Multi-label classification is an important topic in the field of machine learning. In many real applications, there exist potential dependencies or correlations between labels, and exploiting the underlying knowledge could effectively improve the learning performance. Therefore, how to learn and utilize the dependencies between labels has become one of the key issues of multi-label classification.
This thesis firstly summarizes existing works and analyses their advantages and disadvantages. Several effective methods for multi-label classification are then proposed, focusing on ways of exploiting various types of label dependencies. The contributions of this thesis mainly include:
(1) A method that uses a tree-structured restricted Bayesian network to represent the dependency structure of labels is proposed. This work is inspired by the ClassifierChain method. Compared with ClassifierChain, our method's advantage is that the dependencies between labels are represented using a Bayesian network rather than a randomly selected chain, so more appropriate label dependencies could be determined. Furthermore, ensemble learning technique is used to construct and combine multiple tree-structured Bayesian networks, thus the mutual dependencies between labels could be fully exploited and the final model could be more robust. The experimental results verify the effectiveness of these methods. Compared with other baselines, the show better performance due to more appropriate label dependencies are captured.
(2) A common strategy of exploiting label dependencies is, for every label, to the labels it depends on and use these labels as auxiliary features in the training phase. The issues of this strategy are that the influence of label dependencies could be depressed by existing features and indirect label dependencies could not be taken into consideration.
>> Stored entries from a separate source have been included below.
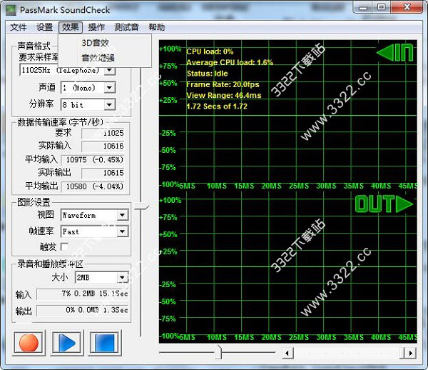 2、打開文件,設(shè)置相應(yīng)的聲音格式,點擊圓圈圖標(biāo)即可開始最基本的聲卡測試
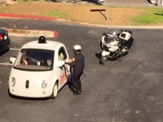 60 km'den daha az hızlı sürülmesi yasak olan yolda 40 kilometreyle gitmekte olan Google'ın aracını, trafiği tehlikeye soktuğu gerekçesiyle durduran polis, muhatap alacak bir sürücü bulamaması nedeniyle ne yapacağını bilemedi.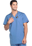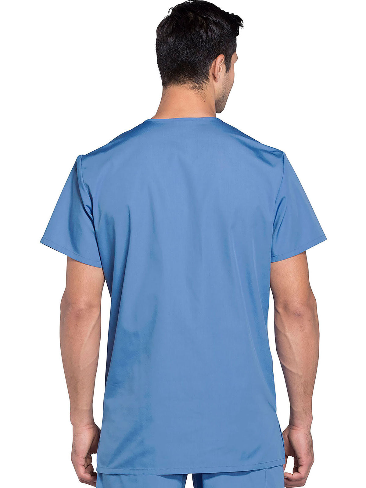 This Unisex Traditional fit V-neck top has one chest pocket and two patch pockets. Side vents. Center back length 32".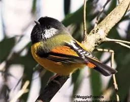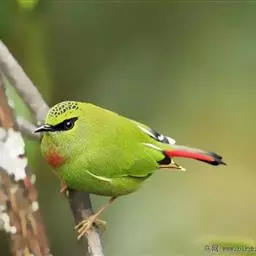 火尾绿鹛是莺科、绿鹛属小型鸟类,体长11-14厘米。上体绿色,头顶至枕具黑色鳞状斑,眼先和眼后黑色,…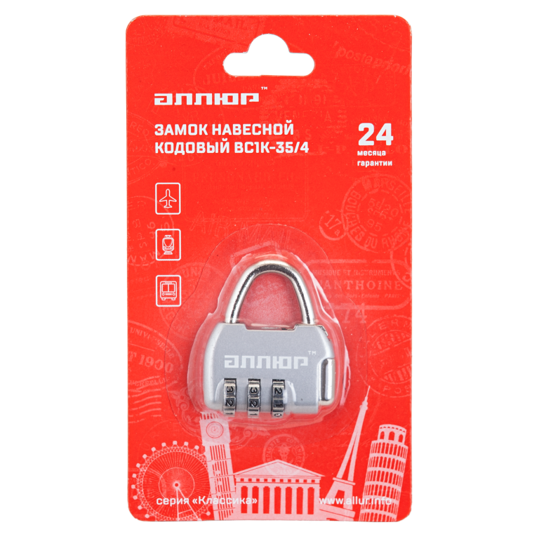 АЛЛЮР ВС1К-35/4 (HA806) CP серебро кодовый d=4мм Замок навесной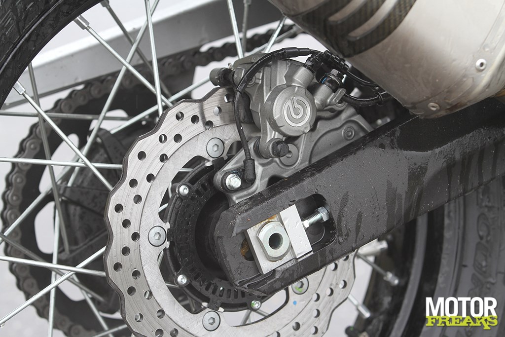 Uiteraard ook Brembo langs achteren. Kettingbeschermer is accessoire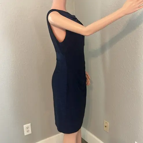 Adrianna Papell Crushed blue METALLIC JERSEY SHEATH Side Ruched DRESS Sz 12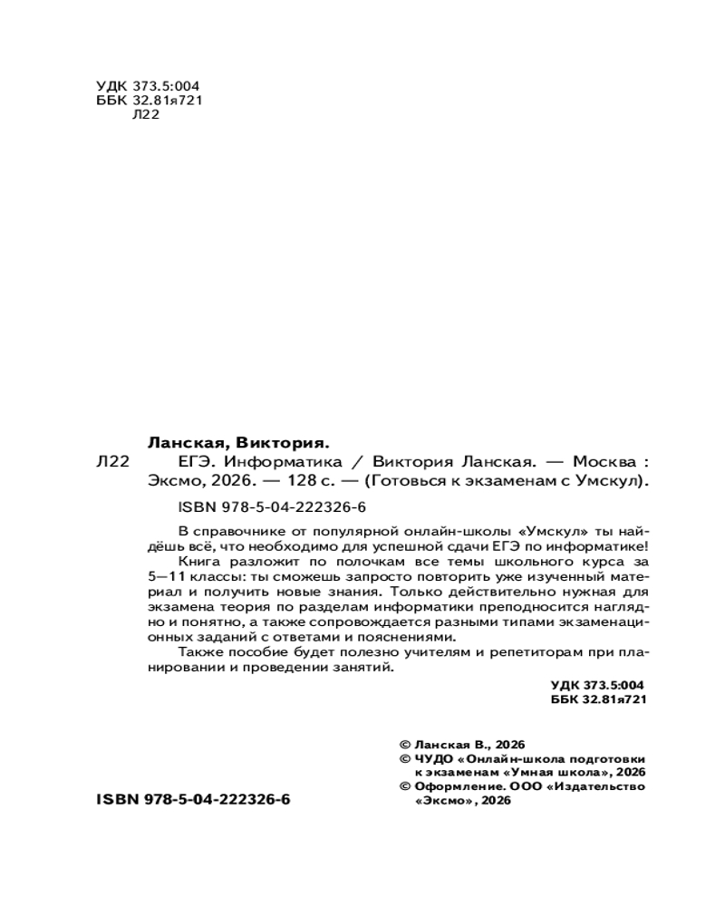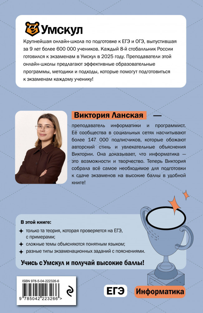 💳 Оплатить за товар можно при получении 🇰🇿 Есть бесплатная доставка по Казахстану от 1 дня 🎁 Копите бонусы с каждой покупки Серия: Готовься к экзаменам с Умскул Эксклюзивный справочник от издательства «Эксмо» и топовой онлайн-школы «Умскул», выпустившей за 9 лет более 600 000 учеников, поможет каждому прийти к заветным баллам на ЕГЭ-2026 по информатике. В книжке только самая актуальная и нужная для экзамена теория, а также разбор разных типов заданий! Эта книга разложит по полочкам все темы по предмету за 5, 6, 7, 8, 9, 10, 11 классы: вы сможете запросто повторить уже изученный материал, а также проработать не охваченные ранее вопросы. Информация по разделам преподносится наглядно и понятно, а также сопровождается актуальными примерами. В конце разделов приводятся разные типы экзаменационных заданий с ответами и пояснениями. Так ни одна важная мысль не ускользнёт от вас во время занятий с учебником! Присоединяйся к числу счастливчиков, с лёгкостью преодолевших экзамен благодаря «Умскул»! |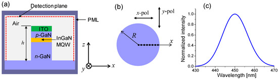 In the FDTD simulation, a single dipole source is positioned at the MQW active region in the z-direction of Figure 1a. The spectral intensity of the dipole source has a Gaussian shape in the frequency axis. As shown in Figure 1c, the peak wavelength and full-width at half maximum of the spectrum are set to be 450 and 15 nm, respectively. The LEE at position (x, y) in the plane of QWs with polarization p () is obtained when considering the spectral average of the source spectrum. That is,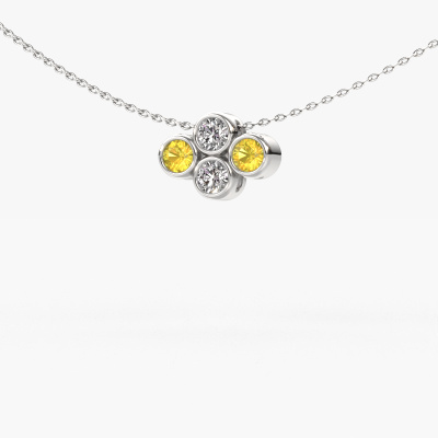 What a beautiful, contemporary pendant! A round pendant to finish your outfit. Buy it from DiamondsByMe. Our goldsmiths use the finest precious metals and gemstones to create our most extraordinary pieces of jewellery. Take this fantasy white gold yellow sapphire set Judi pendant, for example. It was selected with great care, because your pendant should only be adorned with the finest yellow sapphire. Our goldsmith will make your pendant by hand and will set the yellow sapphire with great precision. Then it will be finished and polished to perfection, leaving you with a stunning pendant as a result!A customized fantasy round pendant is the perfect gift! New exquisite designs are added daily by our team of passionate goldsmiths. And each design can be customized. Simply customize the precious metals and the colour of gemstones which will be used, for example. This makes your design of the fantasy Judi pendant truly unique!

Therefore, a new learning paradigm that separates the influence of existing features and labels is introduced, and the impact of label dependencies could be well intensified in this way. Moreover, a method that models the propagation of label dependencies as a RWR process (Random Walk with Restart) is proposed. In this method, label dependencies are encoded as a graph, and the dynamic and indirect dependencies between labels are utilized through the RWR process over the label graph. The experimental results validate this method, showing that it outperforms other baselines in terms of learning a label ranking.
(3) Based on above method, a method that takes multiple factors into consideration when learning label dependencies is proposed. In this method, dependency between two labels is characterized from different perspectives, and is determined by learning a linear combination of multiple measures. A particular loss function is designed, and thus the optimal label dependencies, i.e., the dependency matrix in RWR process, can be obtained by minimizing the loss function. The advantage of this method include: a) label dependencies are measures and combined from different perspectives, and b) label dependences that are optimal to a particular loss function now are obtained. The experimental results indicate that this method could further learn a better label ranking compared with the previous one, given an explicit loss function.
(4) A novel method that learns label ranking by exploiting preferences between true labels and other labels is proposed. In this method, the original instance space and label space are mapped into a low-dimensional space using matrix factorization technique. Therefore, one advantage of the method is that the number of label is reduced greatly, and problem with massive labels now can be handle efficiently. Moreover, a loss function is formulated based on the assumption that an instance's true labels which have been given explicitly should be ranked before other labels which are not provided explicitly. It is then used to guide the process of matrix factorization and label ranking learning. The advantage of this novel assumption is that it alleviate issue in traditional assumption that if a label is not given explicitly, it should not be a true label. Therefore, this method is also applicable to data that are partially labelled. Its effectiveness is validated by the experimental result which shows that it could rank explicitly given label well before other labels for a given instance.
In summary, this thesis has proposed several effective methods that exploit label dependencies from different perspectives, and their effectiveness have been validated by experiments. These achievements lay a good foundation for further research and applications.